As Mark Twain might have said had he witnessed the past couple of months, the reports of the death of California’s statewide high-speed rail system are greatly exaggerated.

There’s been a good deal of confusion regarding the future of the project in the Bay Area. The confusion is much fueled, it appears, by misunderstanding following Governor Newsom’s State of the State Address.

As Northern California’s Regional Director of the California High-Speed Rail Authority, I want to provide an accurate update on the status of the project in the Bay Area and Northern California.

The direction laid out by the Governor is similar to what the Authority had put forth in our 2018 Business Plan. Where we are building today in the Central Valley, the Governor wants us to finish the entire 171-mile Central Valley stretch to connect the three largest cities, totaling nearly one million Californians, and provide new economic opportunities to the region as we get trains rolling.


Beyond the Central Valley, we will continue the planning and environmental clearance efforts from San Francisco to Merced–this will take the next two years.

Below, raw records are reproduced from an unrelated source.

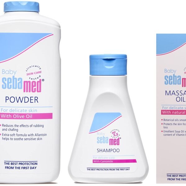 Sebamed Baby Powder, 200g & Baby (Children) Shampoo 150ml & Baby Massage Oil, 150ml – Fast Shipping to USA & Canada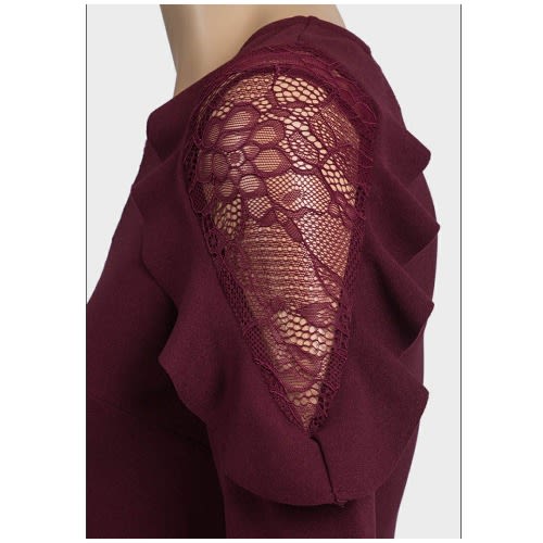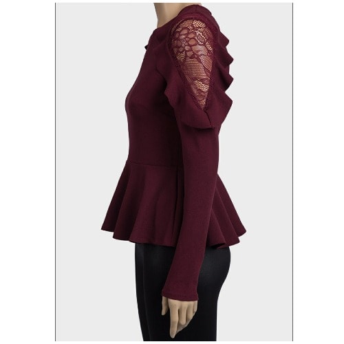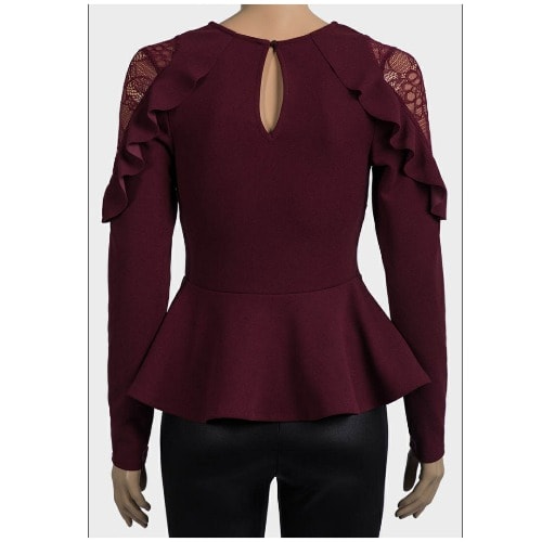 Buy Ladies Lace & Frill Peplum Top - Wine Color in Nigeria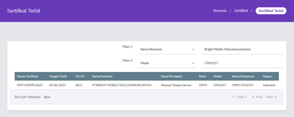 Dengan nomor model CPH2557, perangkat ini telah meraih sertifikasi dari Postel, membuka jalan untuk dipasarkan di Indonesia.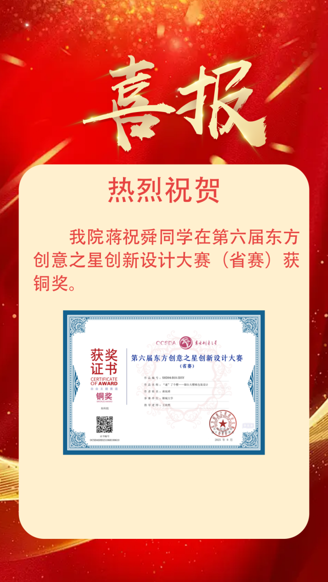 喜报|恭喜公司学子获得第六届东方创意之星创新设计大赛(省赛)铜奖 作者:么翠红 来源:公海gh555000aa线路检测 发布时间:2025-11-25 阅读次数: 恭喜蒋祝舜2025.08 第六届东方创意之星创新设计大赛(省赛)铜奖 (审核 孔德滕)
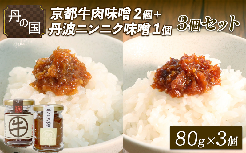 丹の国 京都牛肉味噌2個・ニンニク味噌1個 3個セットです。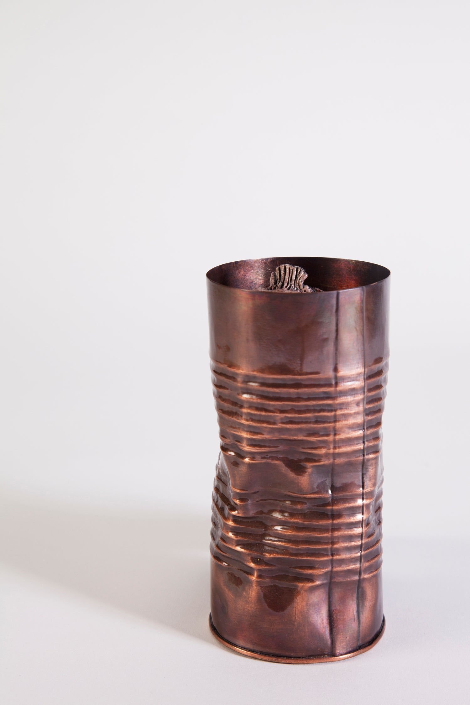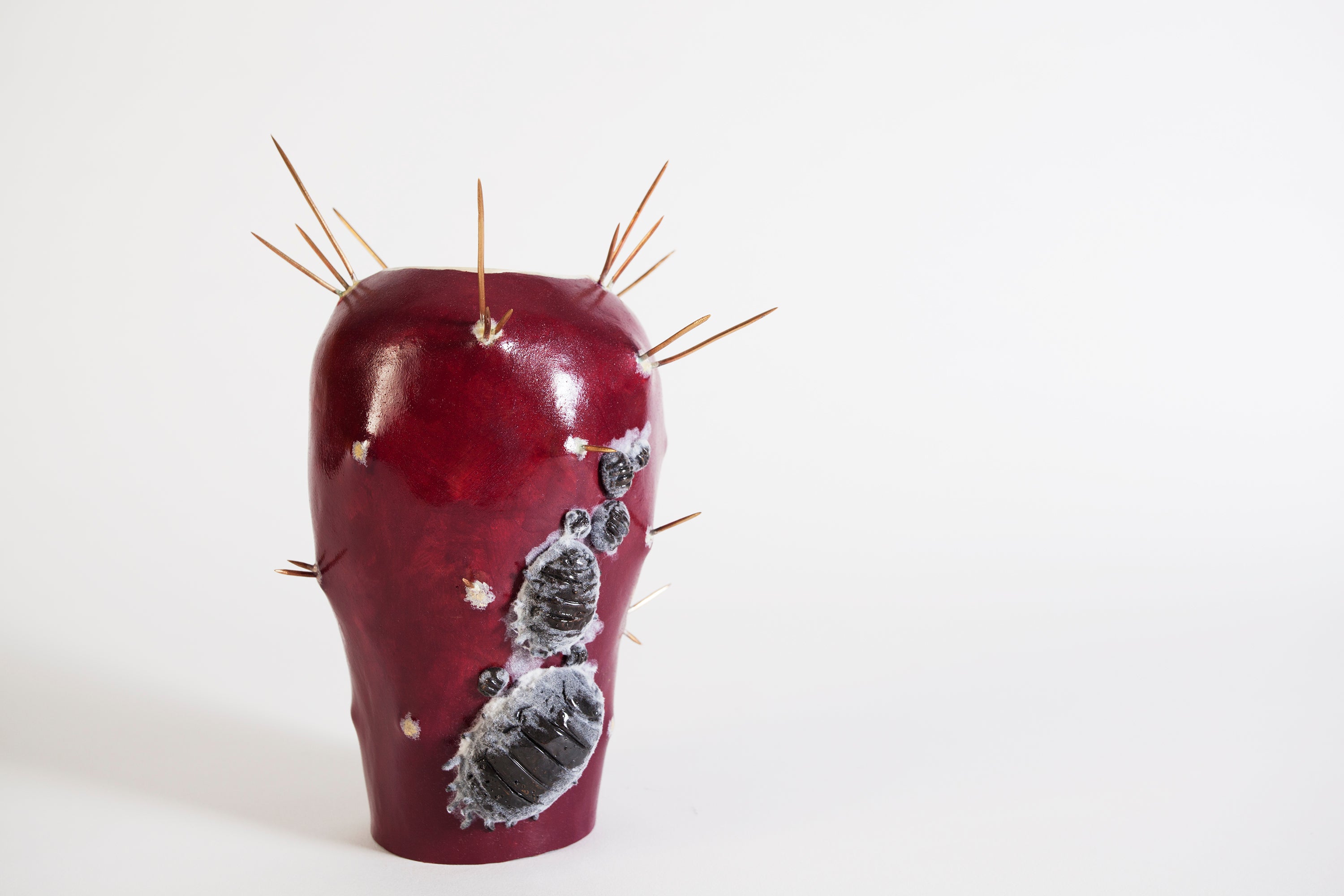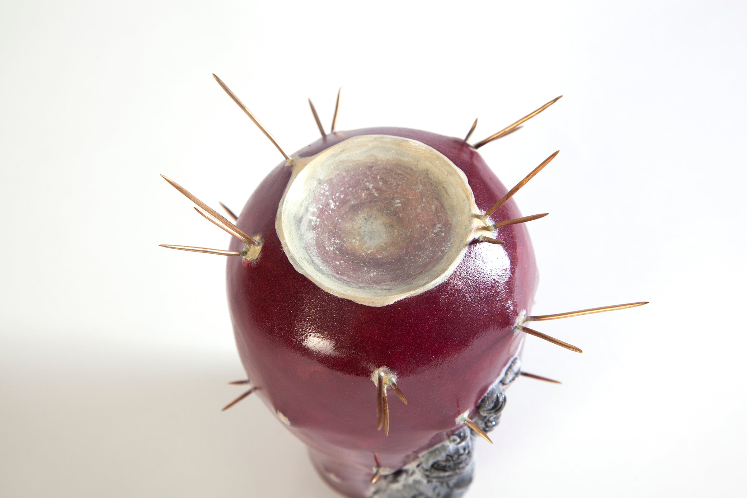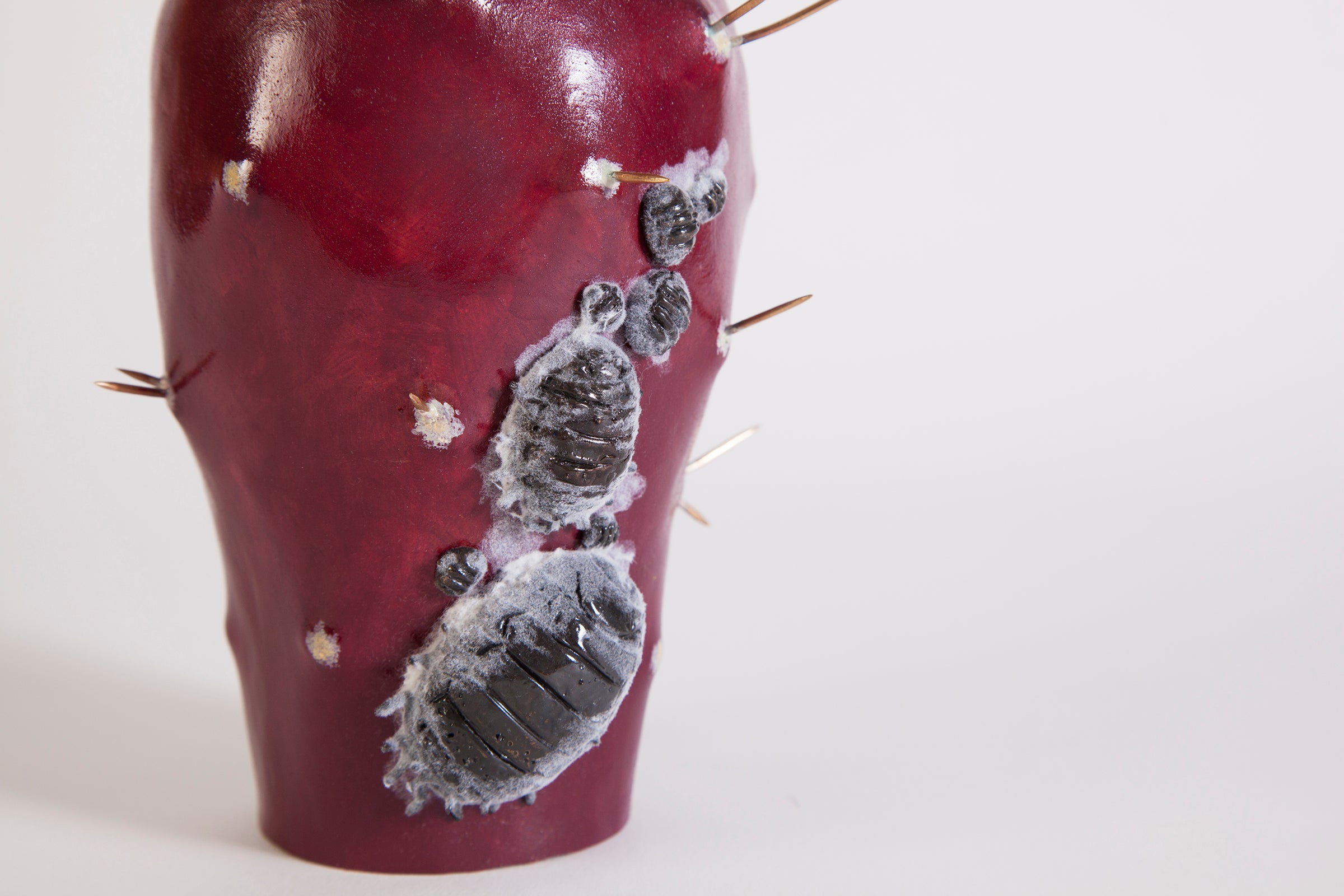 Copper Vessel with Bronze Spikes and Sculpted Cast Bronze Cochineal, Flocking, Cotton Balls, and Acrylic Paint

The next milestone in this process will be our Board of Directors identifying preferred alternatives for the San Francisco to San Jose and San Jose to Merced project sections in September of this year. We are also continuing to pursue an agreement with the Union Pacific Railroad that would allow us to utilize the existing rail corridor from San Jose through Morgan Hill to Gilroy while extending electrified Caltrain service to Southern Santa Clara County. By advancing the environmental clearance and project development efforts in Northern California we will be prepared to utilize any new federal, state and/or private funding that may become available to complete the system in Northern California and connect to the Central Valley and eventually to Southern California.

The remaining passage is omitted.